Robert Blair (8 June 1845 - 14 July 1923) was an antiquarian and solicitor from South Shields, England. He was instrumental in the early investigations of the Roman fort at South Shields, now known as Arbeia. As well as his antiquarian work he was also secretary of the Society of Antiquaries of Newcastle upon Tyne, and editor of their journal Archaeologia Aeliana.

== Early life ==
Blair was born in South Shields, in an area known as The Lawe on 8 June 1845. He credited his early interest in Roman antiquities to when his uncle gave him a Roman coin which had been found at The Lawe. His father James Blair was a river boat pilot on the Tyne. He left school at 13 and became an office boy with the firm of Thomas Salmon, solicitor. While working as an office boy he substituted his education by attending night classes at the South Shields Mechanics Institute (now the South Shields Museum and Art Gallery).

== Society of Antiquaries of Newcastle upon Tyne ==
Blair became a member of the Society of Antiquaries of Newcastle upon Tyne on 7 January 1874, and became secretary of the Society on 31 January 1883. From 1884 until his death he was editor of the journal Archaeologia Aeliana, as well as editor of the 4th-8th editions of Collingwood Bruce's Handbook to the Roman Wall.

== Research ==
Blair was particularly interested in Roman coins and his catalogues of coins appears in several volumes of Archaeologia Aeliana, though often uncredited.
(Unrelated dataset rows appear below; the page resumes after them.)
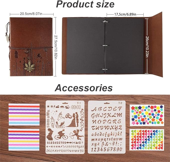 - 🎁【WHAT YOU GET】: 1 x Vintage Scrapbook Photo Album(Large),2 x Stencils(Large),2 x Photo Corners,2 x Decorative Stickers. Reliable and friendly customer service. If for any reason you're not completely satisfied with the product,please feel free contact with us, we will provide you with the best service.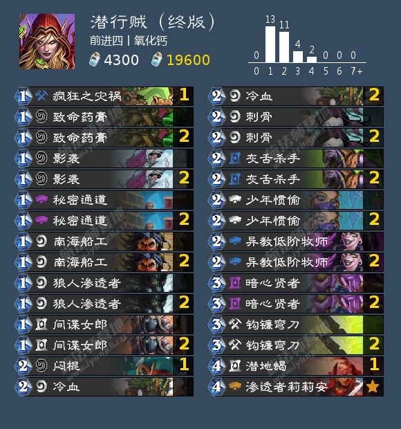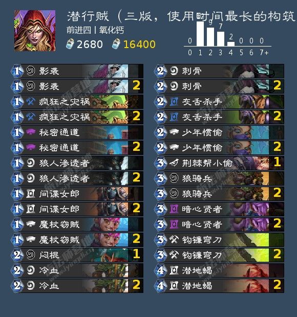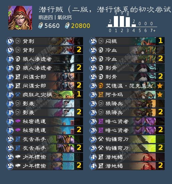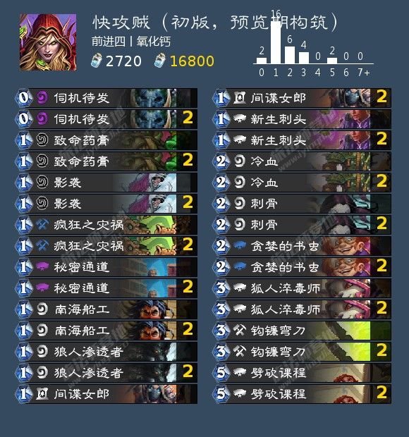 大家好,这里是前进四丨氧化钙。(现战网名:AFLuckyCaO)。早在版本初期的预览期,笔者就在尝试构筑“T2贼”(卡组中最高费仅为二费),然而经过上线后的测试发现这种构筑由于质量过低,虽然够极致,但由于速度过快可能自己就先散架了。在之后经历了三次大改接近300场的测试之后,终于构筑出了现在这套自认为还算是完美的潜行贼,并在上个月中从3000分段一路冲到200,在这个月初也是达成了约四小时传说并挤进前百(这两天玩别的卡组脸黑已经飞了)。在这个月冲c过程中,体感潜行体系的热度逐渐提升,但遗憾的是尚未看到一篇谈及具体打法的攻略,故此尝试去写这样一篇文章来简述此卡组如何在有限的回合数里更有效率的去抢血。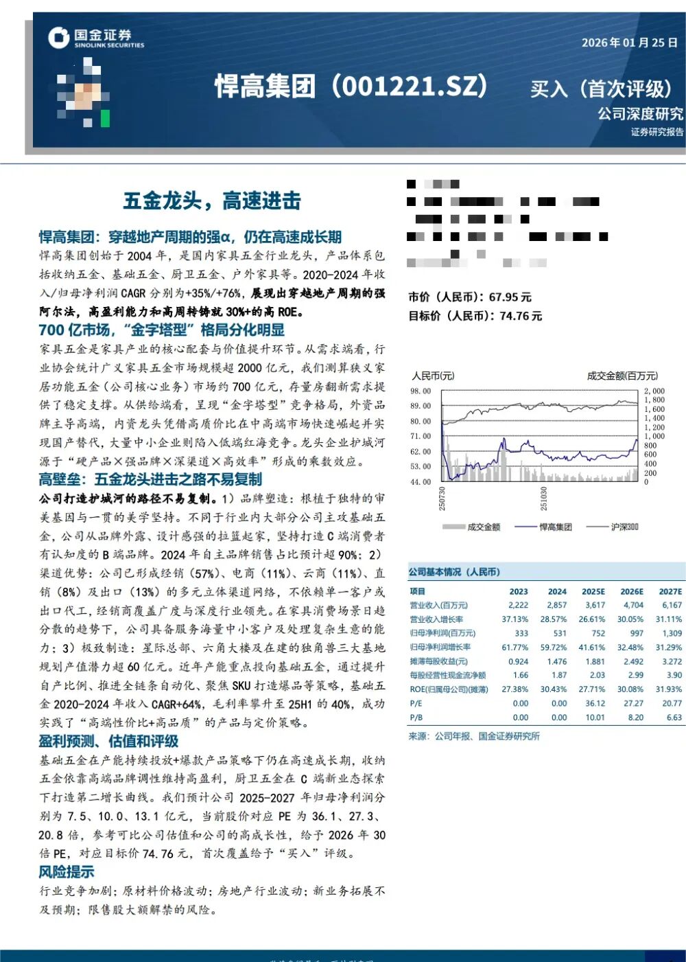 公司核心产品涵盖基础五金、收纳五金、厨卫五金及户外家具。其中,基础五金为核心增长引擎,以高性价比和稳定品质提升市场份额;收纳五金保持行业领先;厨卫五金凭借设计、品质与体验提升市场认可度;户外家具主攻海外高端市场,与国内业务互补。
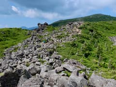 小休憩したのち、天狗岳へ向かう。天狗岳登山のメインルートらしく、ハイカーさんの数が格段に増える。樹林帯と岩石帯が混ざる尾根道を登る。日の当たるザレにはトウヤクリンドウがたくさん咲いている。行く手に東天狗と西天狗の双耳峰を望み、登山道を歩くハイカーさんが点々と見える。右手には溶岩台地が広がり、黒百合平から天狗の奥庭を経由して東天狗に登る道が眺められる。あちらの道も人影が多い。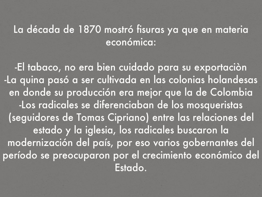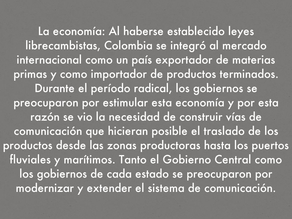 La economía: Al haberse establecido leyes librecambistas, Colombia se integró al mercado internacional como un país exportador de materias primas y como importador de productos terminados. Durante el período radical, los gobiernos se preocuparon por estimular esta economía y por esta razón se vio la necesidad de construir vías de comunicación que hicieran posible el traslado de los productos desde las zonas productoras hasta los puertos fluviales y marítimos. Tanto el Gobierno Central como los gobiernos de cada estado se preocuparon por modernizar y extender el sistema de comunicación.

Many of his artefact studies were printed as notes in the Proceedings of the Society of Antiquaries of Newcastle and the Proceedings of the Society of Antiquaries of London. Another one of his key research interests was in church plate and church bells in Northumberland and Durham. His records surveying the historic counties of Northumberland, Durham, and North Yorkshire were recording in the Proceedings of the Society of Antiquaries of Newcastle. In June 1884 he was elected a Fellow of the Society of Antiquaries of London.

== Personal life ==
Robert Blair married Elizabeth Eleanor Watt (died 26 February 1905) in 1866, the daughter of South Shields ship owner James Watt. They had 13 children. He later married Mary Philipson in 1907. He is buried in Harton Cemetery.